Retype, word for word, every line of the records below starting at the one that contains "ILLUSTRATION: EMMA HANQUIST" and ending at the one that contains "Inom projektet ska"; include both of those lines and nothing more.

▶ [Entries provided]:
--------

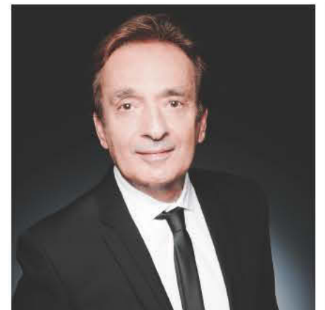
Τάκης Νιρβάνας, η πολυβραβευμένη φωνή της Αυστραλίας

--------

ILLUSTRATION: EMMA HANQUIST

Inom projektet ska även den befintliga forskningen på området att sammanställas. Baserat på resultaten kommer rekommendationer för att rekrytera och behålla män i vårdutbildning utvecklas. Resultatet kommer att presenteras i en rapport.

--------

▶ [Task answer]:
ILLUSTRATION: EMMA HANQUIST

Inom projektet ska även den befintliga forskningen på området att sammanställas. Baserat på resultaten kommer rekommendationer för att rekrytera och behålla män i vårdutbildning utvecklas. Resultatet kommer att presenteras i en rapport.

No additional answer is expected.